Most sinister of all are the myriad ways in which digital technology shapes and rules our lives. Marx likely exaggerated the extent to which prior production modes determined the character of society, but his thesis seems especially apt to our time. Even if the steam mill did not, in and of itself, give us the society of the industrial capitalist, it would seem much more certain that the personal computer and smartphone have imposed on us the society of the tech oligarch and his financiers, the administrative state commissar, the “intelligence community” technocrat, and the revolving-door military-operator/defense contractor/security consultant—all of whom employ these technologies as means to control the rest of us.

If practice matched theory exactly, there should be no such thing as “woke” capitalism. “Get woke, go broke,” the Right likes to say. But virtually all global corporations have gotten woke and none, as yet, has gone broke. Some have seen revenues decline and market share shrink. A few others have been surprised by state countermeasures (see Disney v. DeSantis). But none have turned back from the embrace of wokeness. There are many plausible explanations for this, including the desire to penetrate (pander to?) new markets, C-suite fear of boycotts, lawsuits, and rebellions by junior employees, and the desire to appear “with it.”

The last is probably the most important. Marx’s historicism, however wrong, is increasingly the state religion of our elite. They believe that history has an upward direction and that they are its culmination. That other ubiquitous phrase—“right/wrong side of history”—they utter like a credo, to summon woke angels and ward off retrograde demons. Seen in this light, wokeness allows modern capitalists both to pay the Danegeld and to position themselves as the good guys. However much wokeness costs, you can be sure our masters wouldn’t pay if they didn’t think, once all the ledgers are audited, that it’s worth it.

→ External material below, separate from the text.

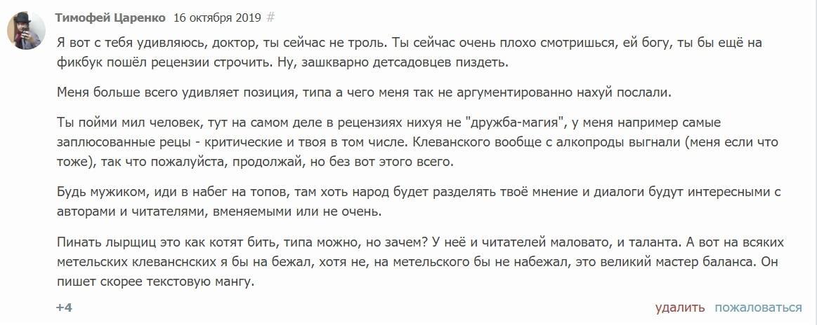 беда в том, что действия героев являются вариантом нормы в описанном Царенко обществе. в книге отсутствует какой либо конфликт, а через отсутствие конфликта становится невозможно осознание своих ошибок и моральное перерождение героев (катарсис).
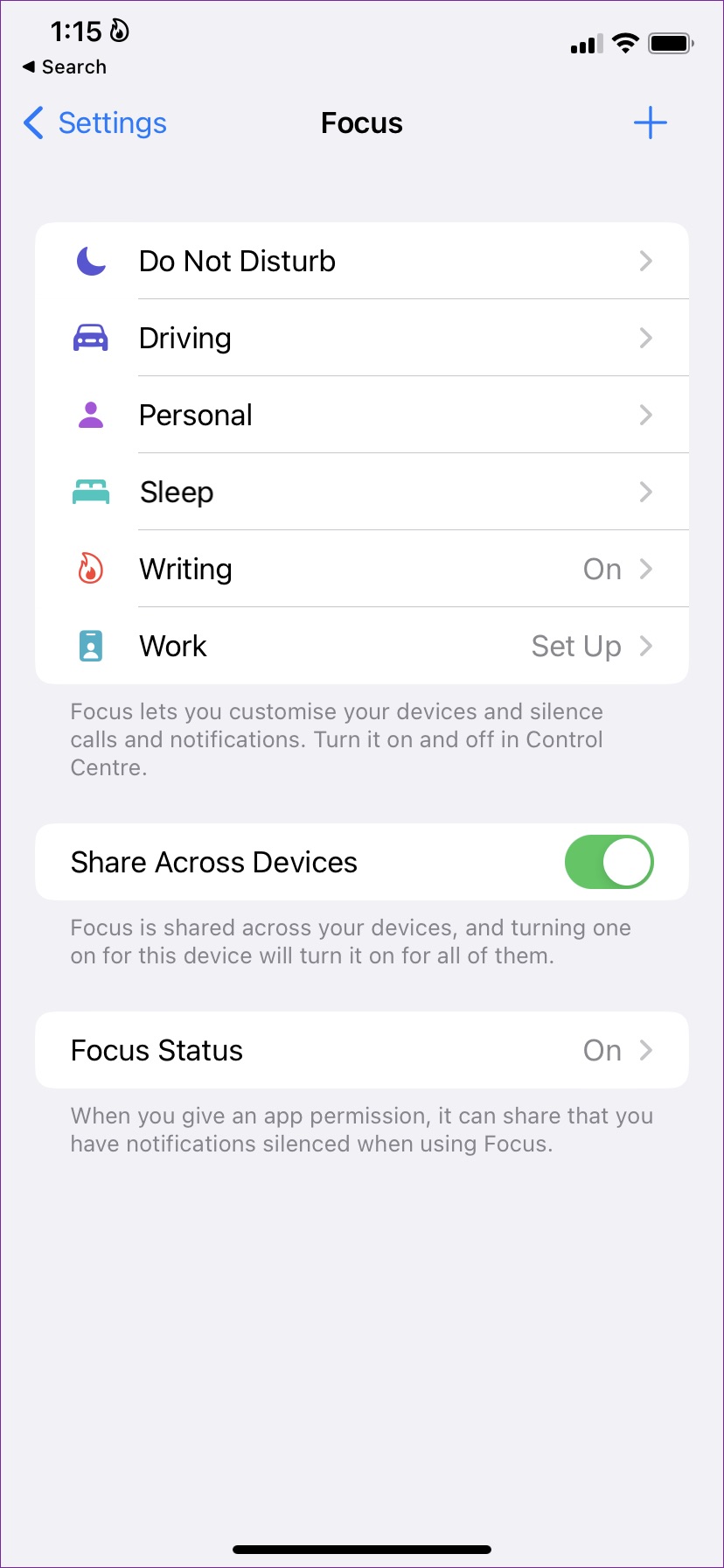 Focus es DND (No molestar) de Apple en el iPhone. Si tiene activado Focus, iOS pausará todas las notificaciones en el iPhone. Debe deshabilitar el enfoque en iPhone o excluir sus aplicaciones favoritas del enfoque.

Marx was right about the nature and purpose of ideology: to justify rule and privilege. He was wrong only in predicting that the need for, and hence the presence of, ideology would melt away. Ideology has turned out to be more necessary than ever, thus the omnipresent propaganda blaring forth from every screen, speaker, headphone and page in the developed world.

Marx predicted—really, urged on—a total revolution in thought, the overthrow of all previous beliefs, traditions, customs, institutions, and orders. Religion, the family, guilds and associations, mediating institutions, even the state itself: all must go. Our overlords fully believe all that—except the part about the state. This, they insist, remains necessary, only transformed into what we may term a hybrid corporo-state: the state and woke capital working hand in glove. But the ruling class is otherwise full-speed-ahead with total revolution in all prior modes of thought and life. The difference is that Marx was certain the revolution he foresaw would serve the proletariat; our elites are busy implementing one designed to serve only themselves.

Marxism’s self-conceit is that it fulfills the dream of the ancient philosophers—the perfectly rational state—a project the latter believed must forever remain a dream because it is impossible to implement. In the perfectly rational state, there is only one correct view on every- thing. All opinion has been replaced by knowledge. Dissent is inherently irrational. We see more than a glimmer of Marx’s utopian vision in our rulers’ elevation of “expertise,” based on “science,” to unquestionable authority, including political authority.


But not every tension or difference between Marxist theory and capitalist practice has been resolved, and it’s hard to see how all can be.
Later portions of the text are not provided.